Can you imagine that we import simple things like handkerchiefs? It should be remembered that the policies of the neoliberal reform imposed on the country by the World Bank and IMF dismantled the industries, such as textile industries, which existed before and therefore discouraged the development of the national economy, including the emergence of national middle class. As a result, the performance of the economy deteriorated, especially in the manufacturing sector, as well as getting slimmer and with no reliable data on it.

Under the reform, privatisation programme was undertaken in the name of reducing government expenditure and promoting efficient operations. To speed up the process, the World Bank lent Uganda $100m. Did this reduce government expenditure? This is characteristic of foreign modern forces.
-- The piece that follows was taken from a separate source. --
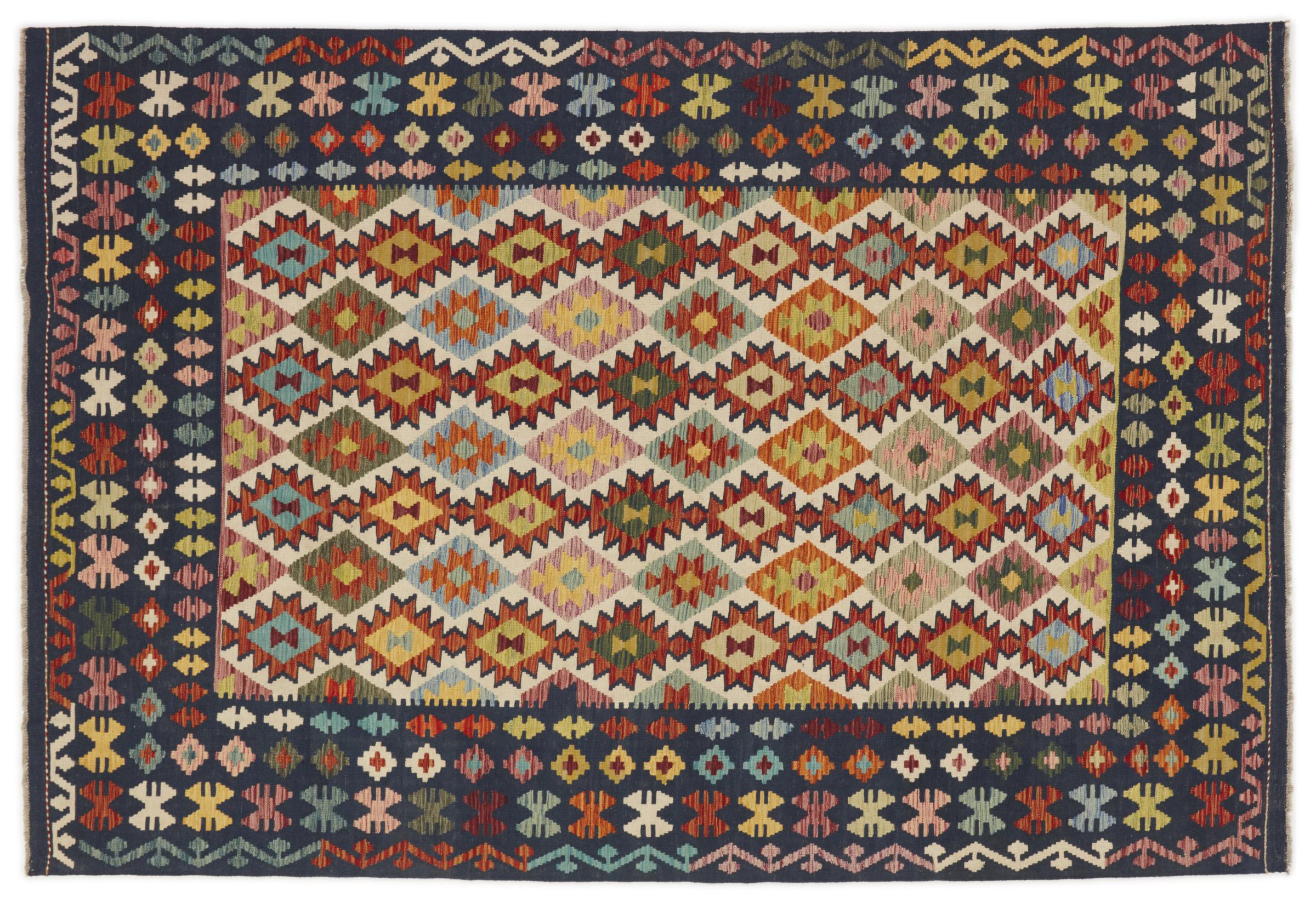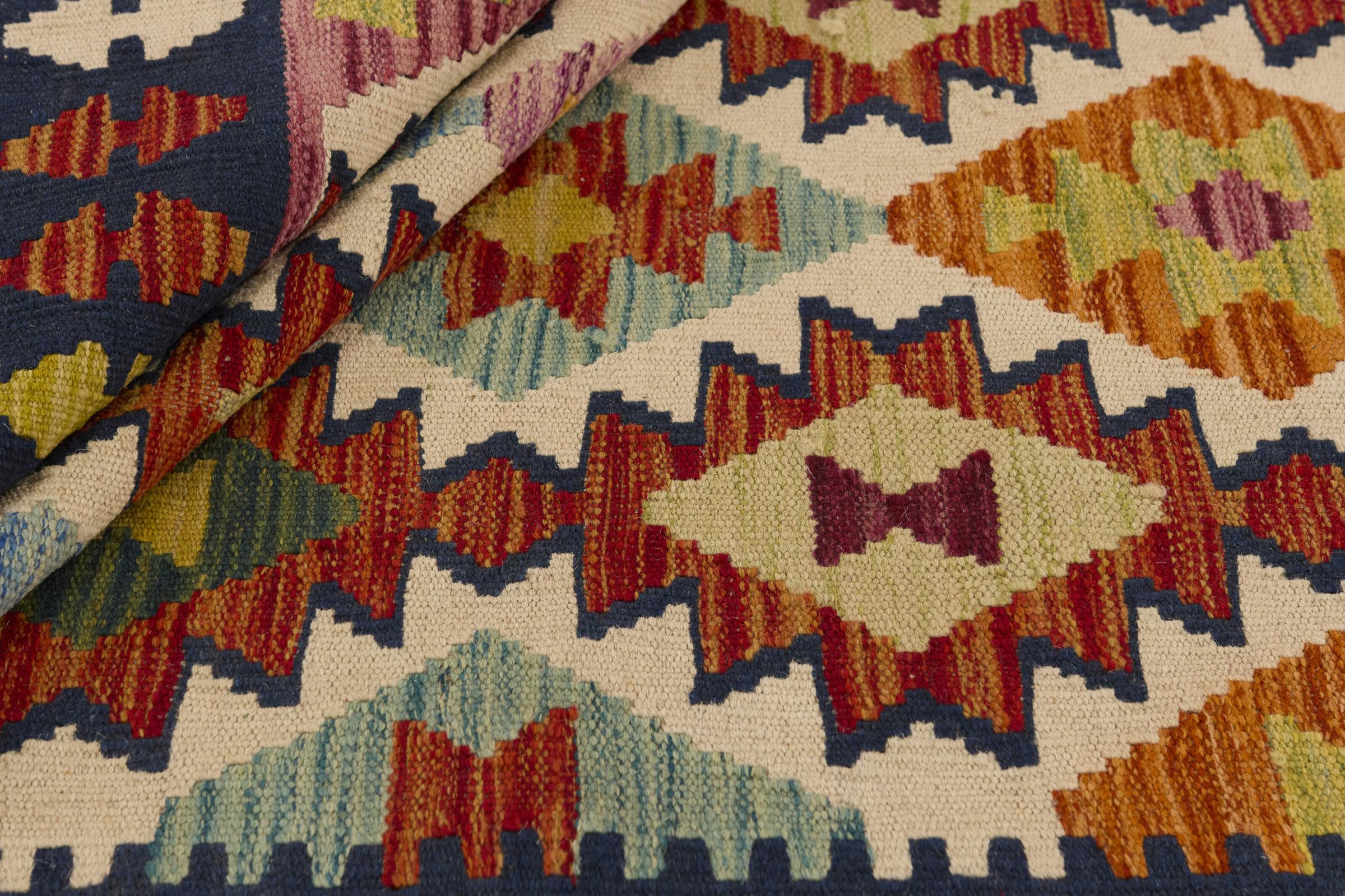 この手織りのキリム アフガンは、多面的な色と典型的なパターンのおかげで美しいです。 アフガニスタンで100%羊毛を使用して手織りされました。 間違いなく機械で作られたカーペットよりも丈夫で耐久性があります。 また、このキリムには独特の個性があります。 二度と見つからない、あなたとあなたの家のためのユニークな作品。

They are non-rational with no specific objectives.

Now after the neoliberal policies have virtually destroyed the economy and firmly cultivated the spirit of individualism, thereby entrenching corruption in Ugandan society, there are plans to recapitalise Uganda Development Corporation to finance state-owned enterprises. Will corruption spare the management of these enterprises? Is it surprising that the revival of Uganda Airlines has started by the purchase of aircrafts as the press has reported? How will Uganda Airlines, whose operations are most likely not to be profitable because it will be competing with other airlines within the region as well as others from the rest of the world, be a self-sustaining enterprise without being a burden to the Treasury?

Is it by coincidence or accident that the government is proposing other types of irrational expenditure? For instance, President Museveni is reported to have directed recently that preparations be made to buy armoured vehicles for the security of MPs that is estimated to cost the country a lot of money. However, the practice of the government spending money irrationally under the influence of foreign modern forces is not new. It has only been stepped up.
It should be remembered that the first external loan Uganda got was to pay retirement benefits of departing colonial civil servants (Nyamugasira 2001, 4).